Eric Bainville - Dec 2006

Binary OP

This function combines two vectors (X,N) and (Z,N) using binary operator op (add, sub, and, or, xor, adc, sbb). The result is put back in (Z,N).

Let's start with a simple 2 words/iteration loop, with paired memory access and operations:

2 words per iteration
	shr	N,1
        align   16
.a:
        mov	AUX0, [Z    ]
        mov	AUX1, [Z + 8]
	OP	AUX0, [X    ]
	OP	AUX1, [X + 8]
	mov	[Z    ], AUX0
	mov	[Z + 8], AUX1
        lea     X, [X + 16]
        lea     Z, [Z + 16]
        dec     N
        jnz	.a

This loop runs at 4 cycles/iteration, or 2.00 cycles/word. Each word requires two memory read, one write, and the operation is coupled with one of the memory read. For P words per iteration, we have 3P memory accesses, and 3P+3 execution slots needed (including the update of the two address registers and the loop counter).

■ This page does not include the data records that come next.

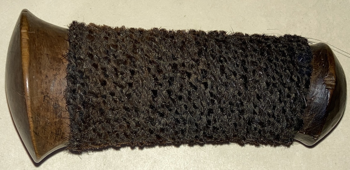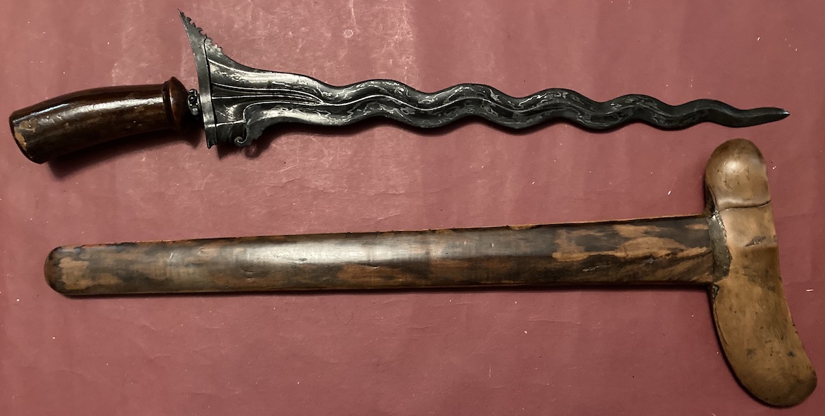 So, if I understand you correctly, the proper spelling would be cenangan but, since that is a fairly recent coined catchall term for related forms of simple hilts, both of my examples should more properly be called tapukan? With this post I have provided an example complete with hair covering. The wood of this hilt is one piece but the wood of the second kris I showed is in two pieces. As for that second kris, you may very well be correct about the “crosspiece and the long part” not being original to each other. The figure in the wood of the gandar and that of the wranka don’t match. Also, that large brown patch where the two parts of the sheath join appears to be some kind of wood putty. There is also evidence of extensive repair to the same area on the back side of the keris.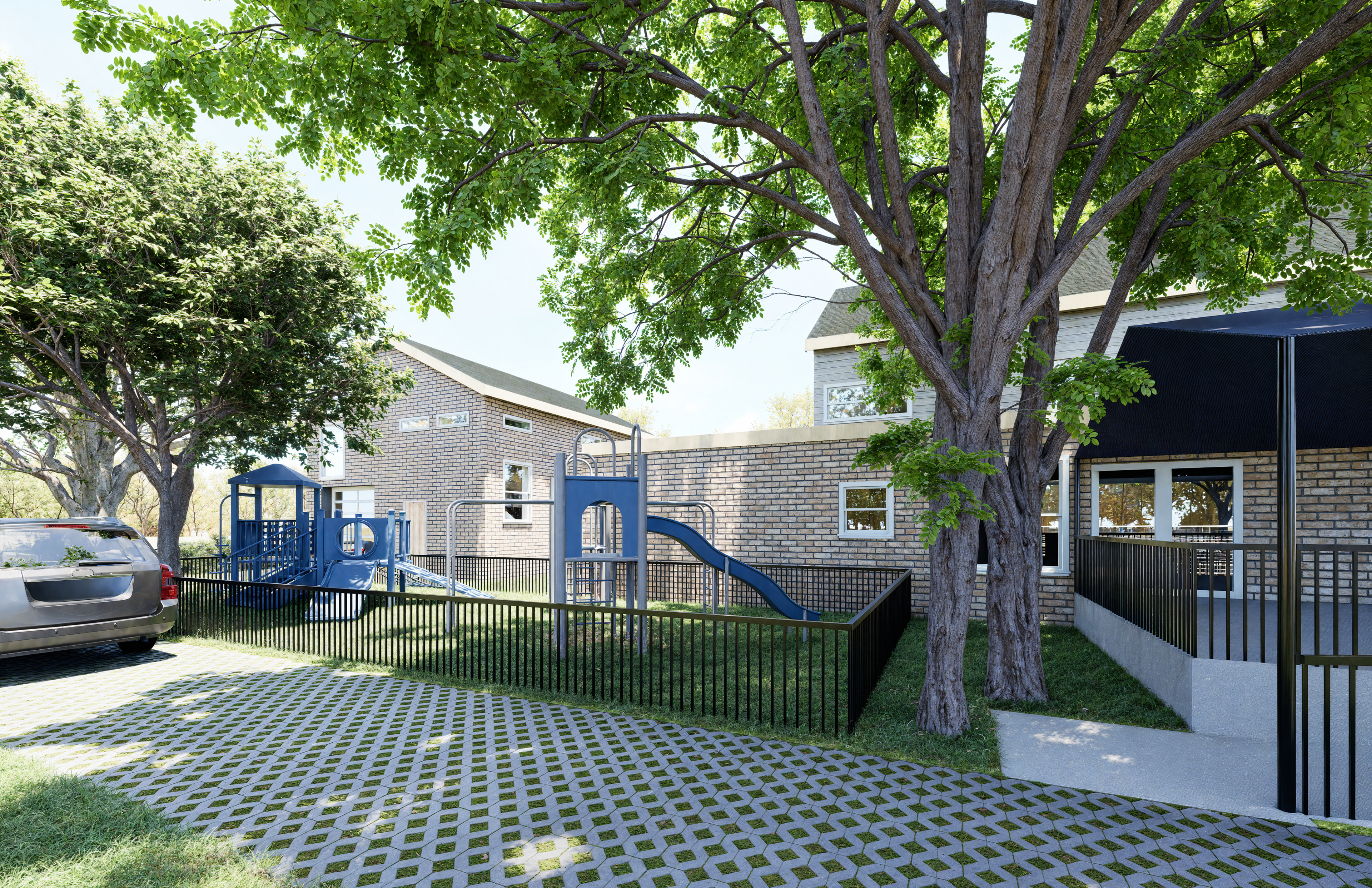 At the existing Hobby House, a new back porch is proposed, since the current one will need to be relocated. Adding double doors on the back façade from the main gathering space allows direct access to this porch. On the east side of the site, a covered walkway connects the new and existing buildings through an existing entrance off the Hobby House. Altogether, these site improvements allow for more functional use of the property and better integration of the addition.
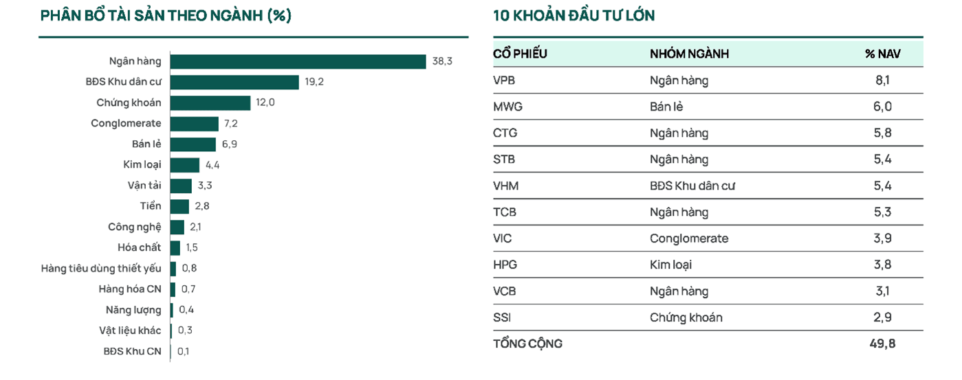 Trong chiến lược đầu tư linh hoạt, DCDS vào cuối tháng 6/2025 đã giảm tỷ trọng cổ phiếu VIC và VHM, đồng thời giải ngân cho nhóm ngân hàng với các cổ phiếu TCB, STB, MBB, và CTG. Tỷ trọng các cổ phiếu ngân hàng nói chung của DCDS tăng từ 28,28% cuối tháng 5/2025 lên 31,73% vào cuối tháng 6/2025.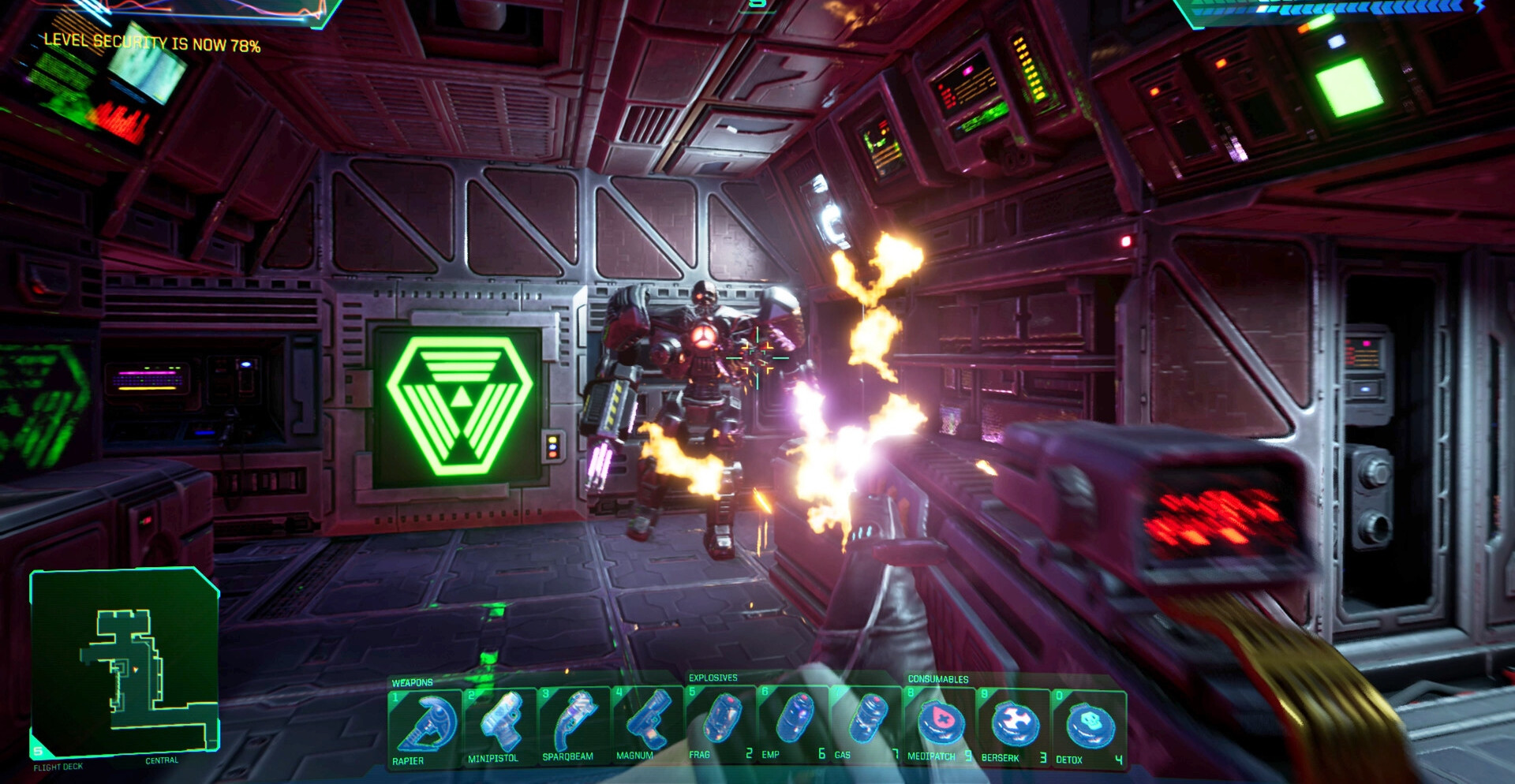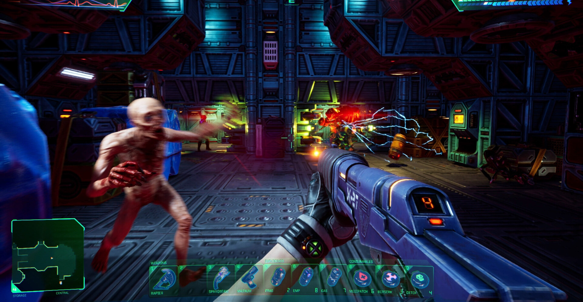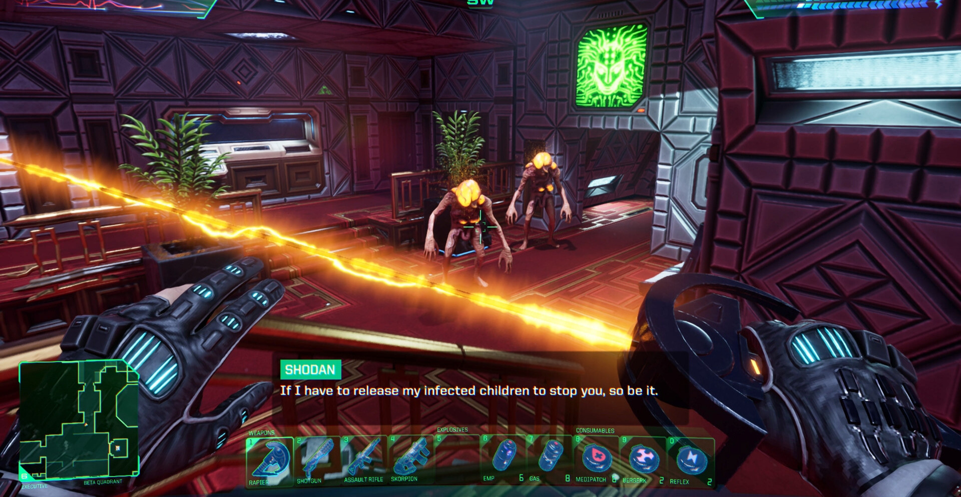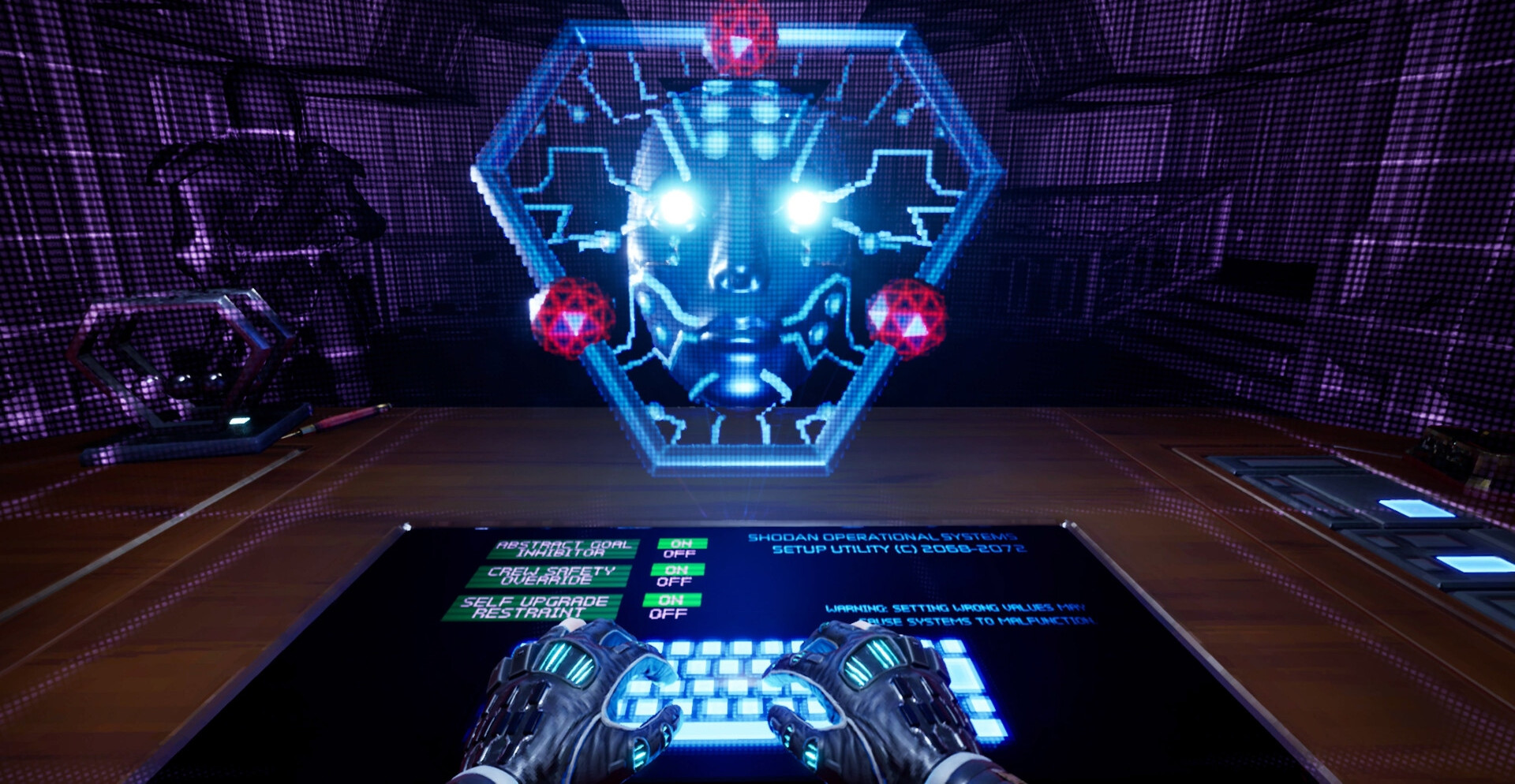 В сюжете присутствует недружелюбный искусственный интеллект - SHODAN, который постоянно так и норовит подставить пользователю разные ловушки и блокирует ему все дороги. Также наличие компьютерных терминалов, помогающие войти в киберпространство, где вы двигаетесь в невесомости, вступая в битву против врага. События, имеют некое влияние, например игрок, сможет открыть двери только будучи в киберпостранстве. Вам предоставляются максимум семь типов оружия, созданных для сражений с роботами, киборгами и монстрами. Пистолет-дарст стреляет иглами и транквилизаторами. Еще, вы можете собирать кожные пластыри, обеспечивающие заживление или ускорение атаки, но могут вызвать усталость и неточность в различении цветов. Ваш арсенал пополнится аптечкой первой необходимости, энергетическими щитами и необходимыми фонарями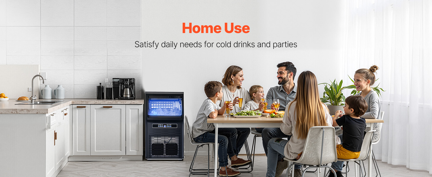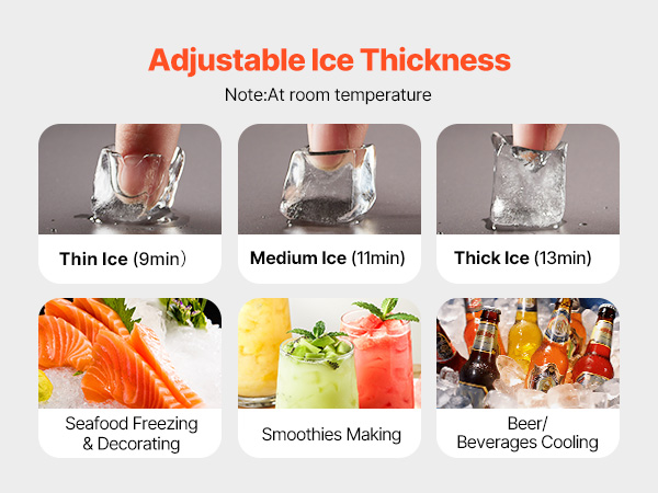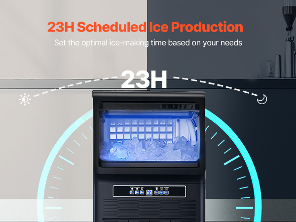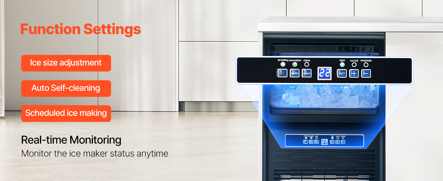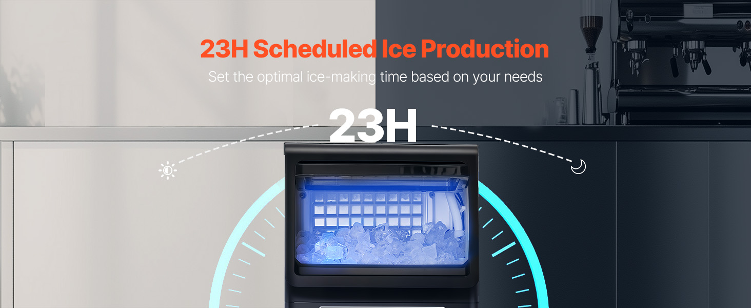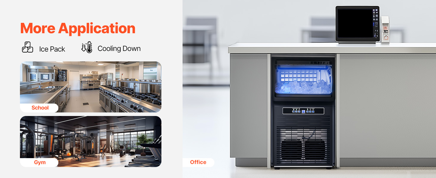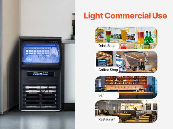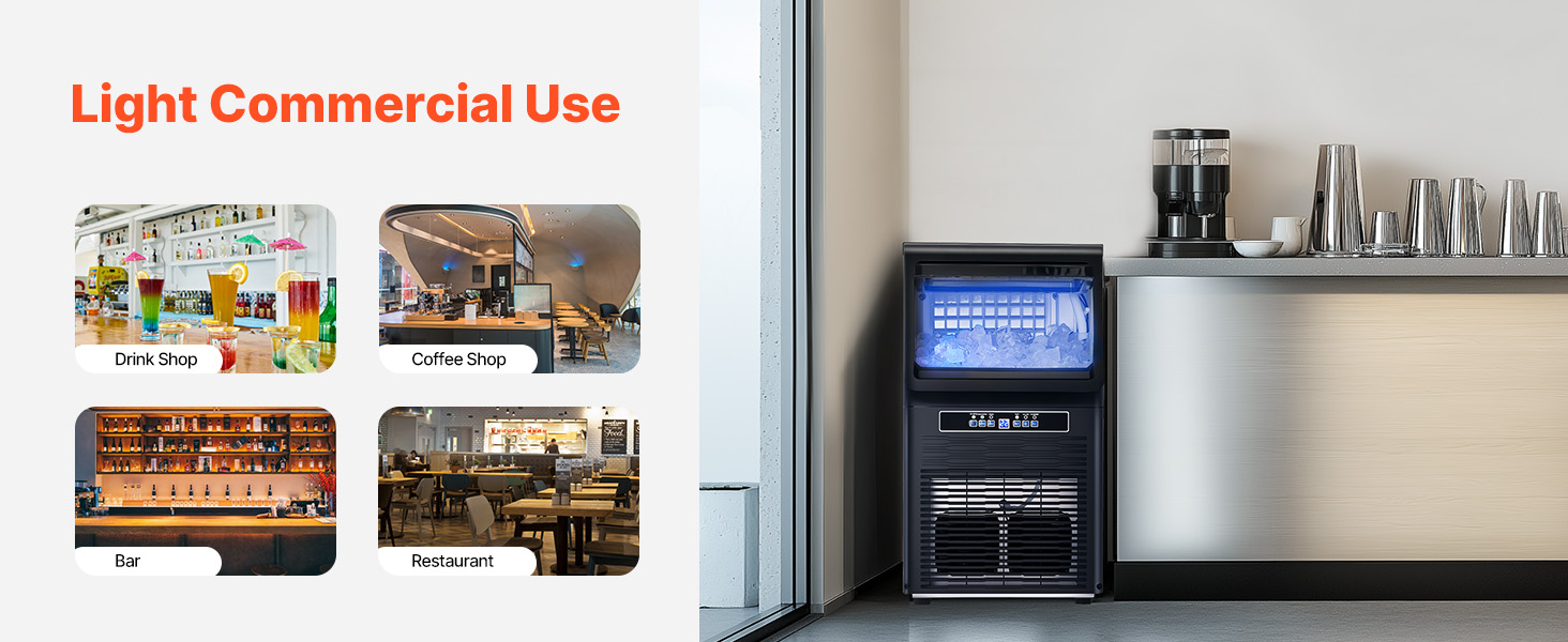Our commercial ice maker produces 80 lbs of ice cubes per day, and the 8-hour insulation function allows you to have ice cubes whenever you want.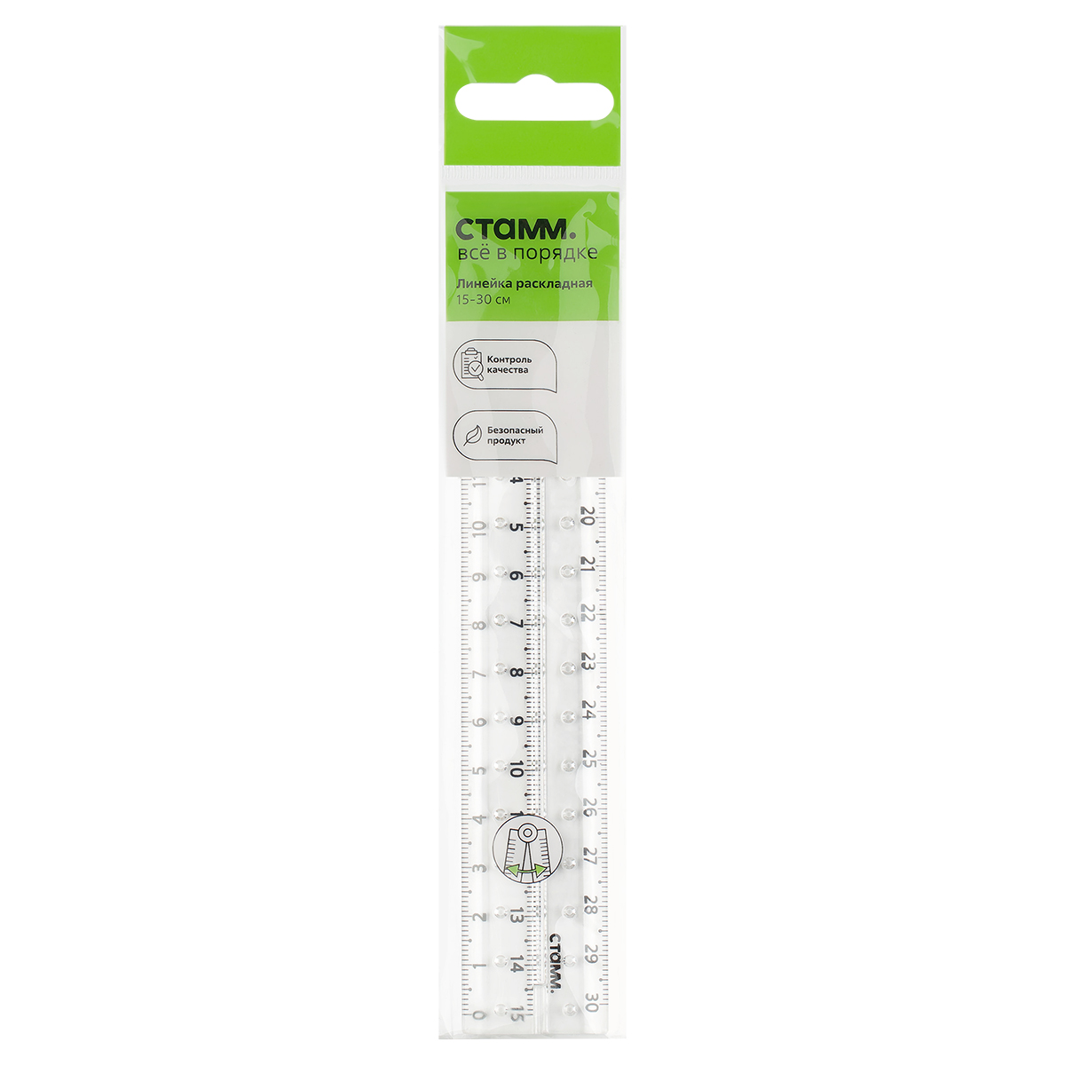 Линейка раскладная 15-30см СТАММ, пластиковая, прозрачная, европодвес

The memory-limited timing is then 3P/2 cycles per iteration, and the slot-limited timing is P+1 cycles. Consequently, we are limited by memory bandwidth, and the optimal timing is 1.50 cycles/word. Let's unroll the loop further:

4 words per iteration
	shr	N,2
        align   16
.a:
        mov	AUX0, [X     ]
        mov	AUX1, [X +  8]
	lea	X, [X + 32]
	OP	AUX0, [Z     ]
	OP	AUX1, [Z +  8]
	mov	[Z     ], AUX0
	mov	[Z +  8], AUX1
        lea     Z, [Z + 32]
        mov	AUX0, [X - 16]
        mov	AUX1, [X -  8]
	OP	AUX0, [Z - 16]
	OP	AUX1, [Z -  8]
	dec	N
	mov	[Z - 16], AUX0
	mov	[Z -  8], AUX1
        jnz	.a

This code runs at 6 cycles/iteration, or 1.50 cycle/word. As we have seen, this is minimal: we have two memory accesses per cycle, and 15=3*P+3 execution slots used of the 18=6*3 available slots. Interestingly, the time is the same when op is adc or sbb, when a carry bit dependency is introduced (this is different on Intel processors).